People will look at me funny when I'm on my lunch break studying or when I go to appointments and study in the waiting room. I've gotten passed the dirty looks but it's still mentally draining at some points. Luckily my job offers a little flexibility and I can work from home some days, which allows me to put some extra time into studying.
Time. Seeing a dominant belief/myth in society that an undergraduate education is always "enough" education/that there's just one way to do things. And strange work hours.
Time for me as well. I want a full 24hrs where I dont even think about work or school or studying, just one day to let my brain think and do whatever it wants without feeling guilty about not doing work.

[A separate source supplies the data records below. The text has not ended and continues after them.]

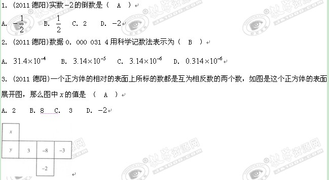 2011年德阳市初中毕业生学业考试与高中阶段学校招生考试(数学)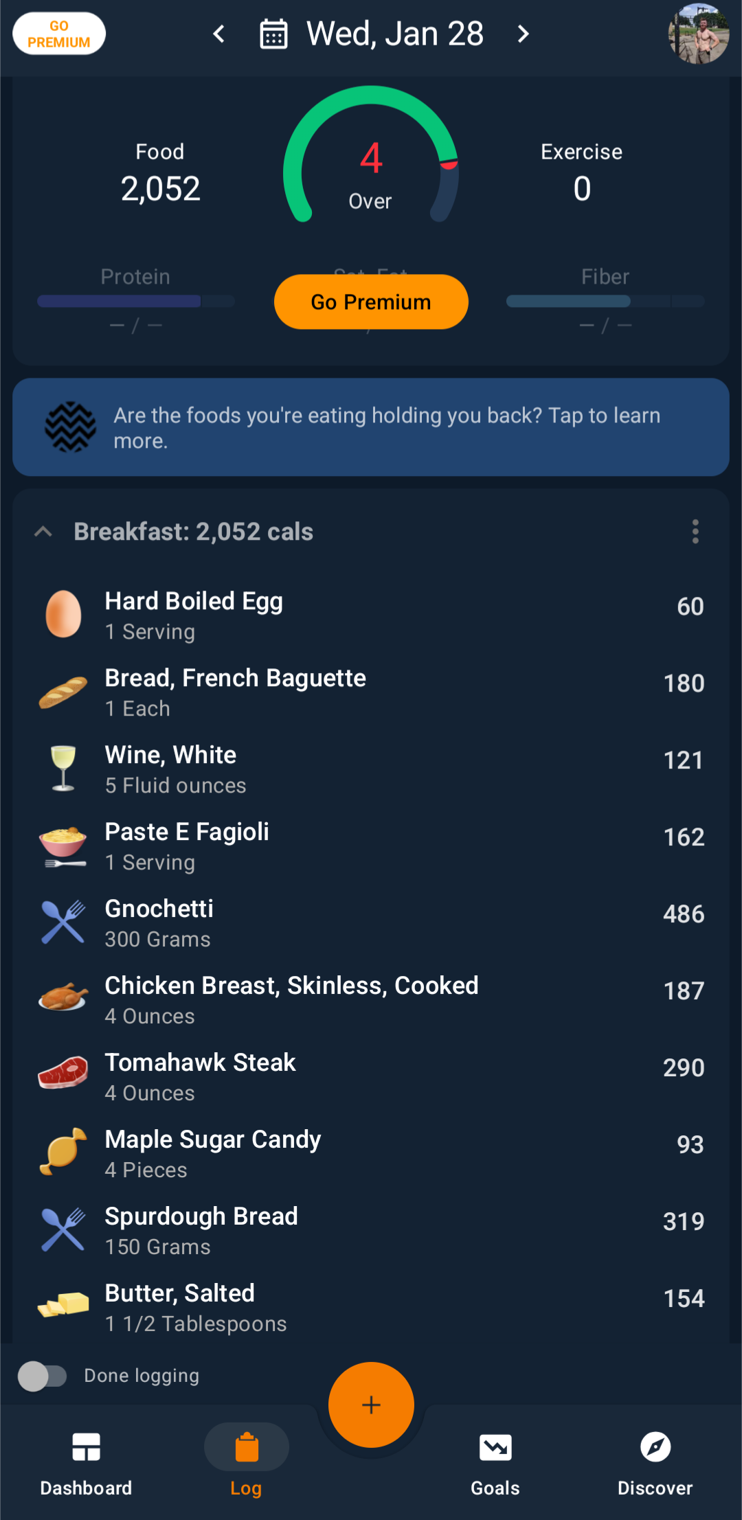 huh, i've been surprisingly satiated at a deficit with a similar diet less the wine and with fewer carbs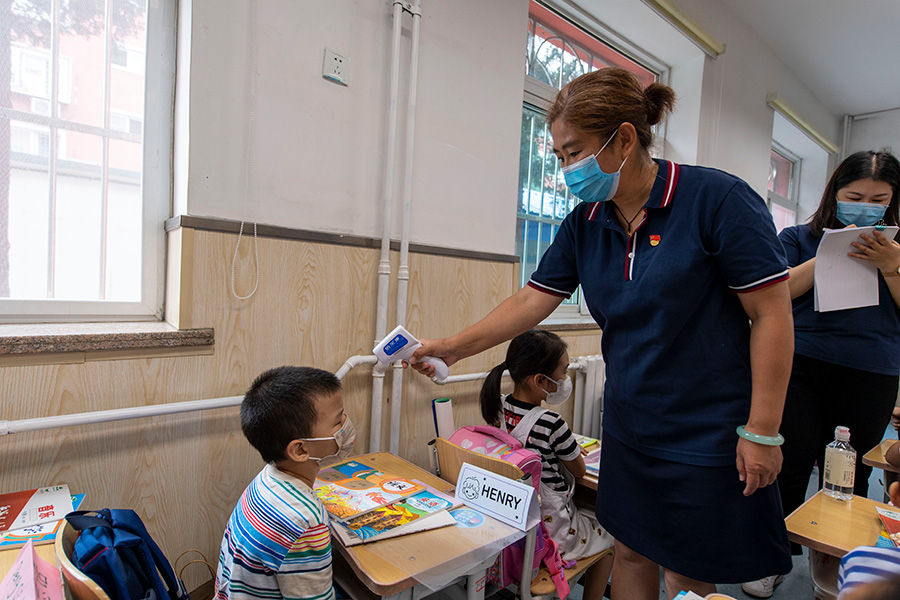 受新冠肺炎疫情影响,今年北京市中小学、幼儿园实行分批、错峰开学。8月29日,北京市中小学开学季启动,小学一年级,初一年级、初三年级,高中三个年级率先开学,约59万学生校园报到,其中约有20.5万是小学一年级新生。据悉,多数学校安排了新生入学教育、开学典礼、开学第一课等主题活动,帮助学生度过从居家生活到校园学习的适应阶段。(人民网记者 翁奇羽 摄影报道)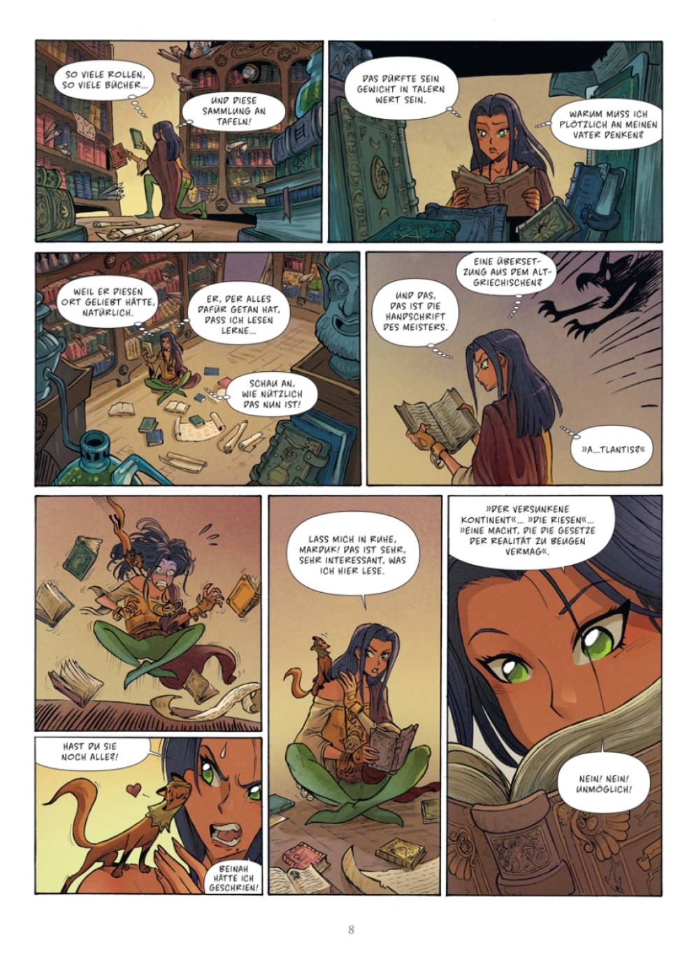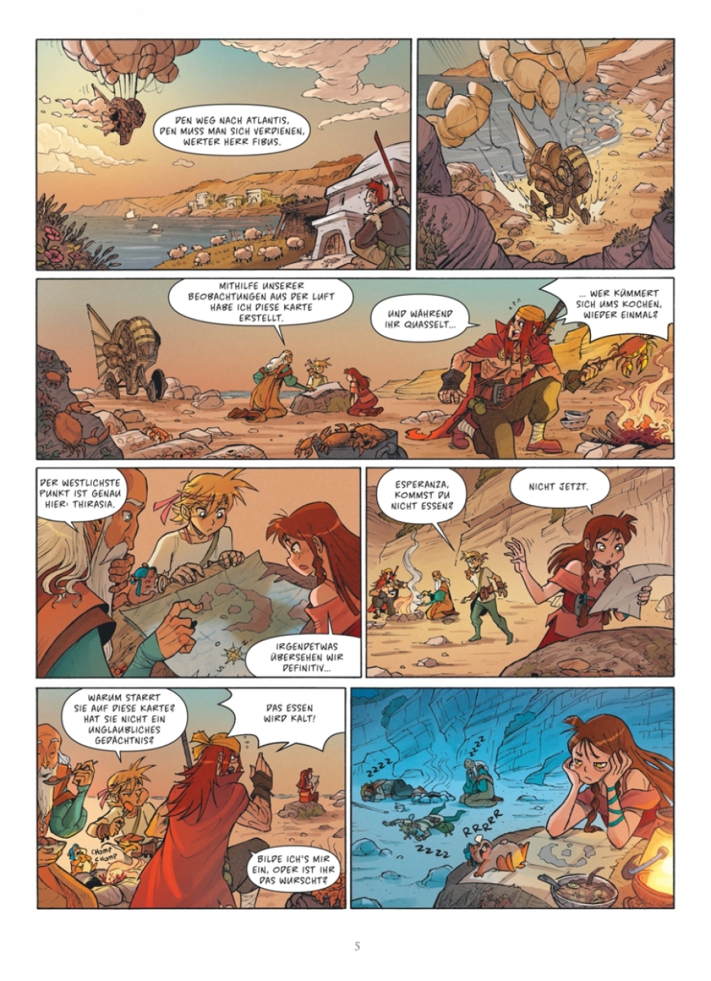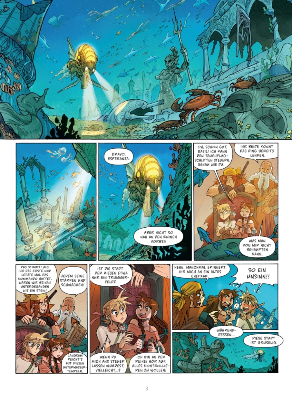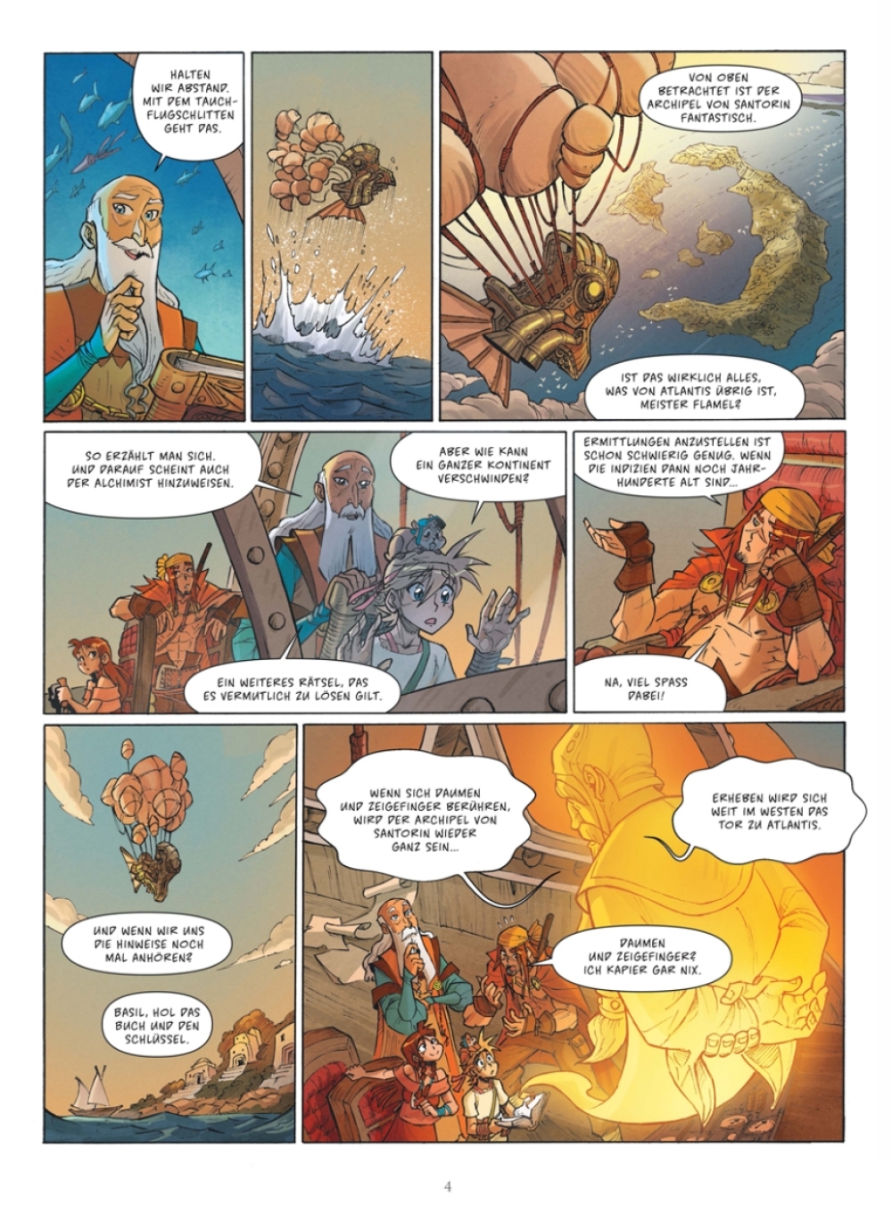 Diesmal tauchen Esperanza und Basil in das Herz des grandiosesten aller verlorenen Kontinente ein: Atlantis. Aber sie werden keine Zeit haben, um die Wunderwerke dieser mystischen Kultur zu bestaunen, denn die Stahlmaske sinnt auf Rache! Er hetzt ihnen Salamander auf den Hals, zusammen mit zwei Cyborgs, die so elegant wie tödlich sind. Unsere Helden werden unerbittlich gejagt und müssen währenddessen das schrecklichste Rätsel ihrer bisherigen Reise lösen: das Mysterium einer ganzen Armee von Riesen.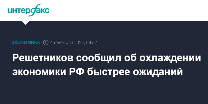 "Последние данные говорят о том, что экономика охлаждается быстрее, чем ожидалось", - сказал Решетников.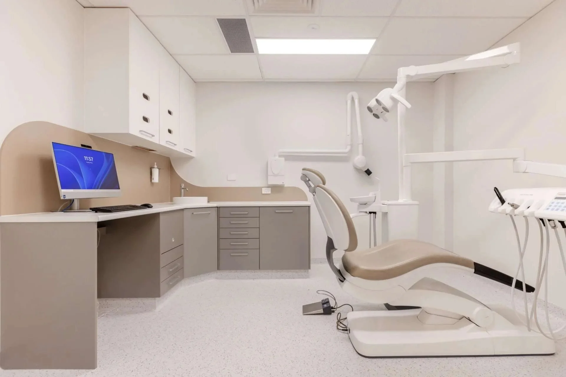 This Canberra dental fitout balances the demands of dental technology with a boutique, wellness-oriented aesthetic. Custom joinery, sound insulation, and discreet storage keep the space highly functional without feeling clinical or cold.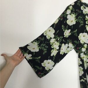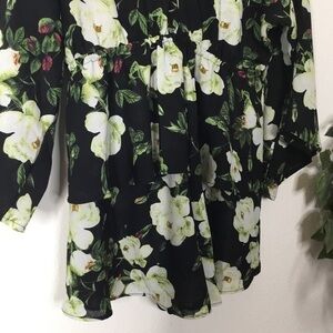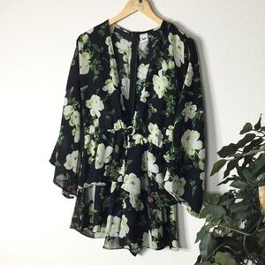 A gorgeous floral romper with wide sleeves, a low vcut, and ruffle bottom. It’s a romper, but looks like a dress when standing. A drawstring around the waist to make it a more flattering fit. Slightly sheer and the layers keep the bottom modest. Long zipper down the back

For me it was the constant gnawing of never feeling like I was living up to my potential. I too would get down about seeing others moving forward and feeling stagnant. But once I realized that I don't have to rush this process and I can take as mcuh time as I need the stress reduced tremendously. Now I'm on a 3--5 year plan for attending law school instead of a 1-2 year one and I no longer hate my life lol.
I'm done with the LSAT, but just wanted to wish good luck to all you work-LSAT people. For me it was the sleep, lack of it. Work, commute, and LSAT pushed me to about 4.5-5 hours of sleep a day. It got rough there for a while... But that score was damn worth it. Y'all got this!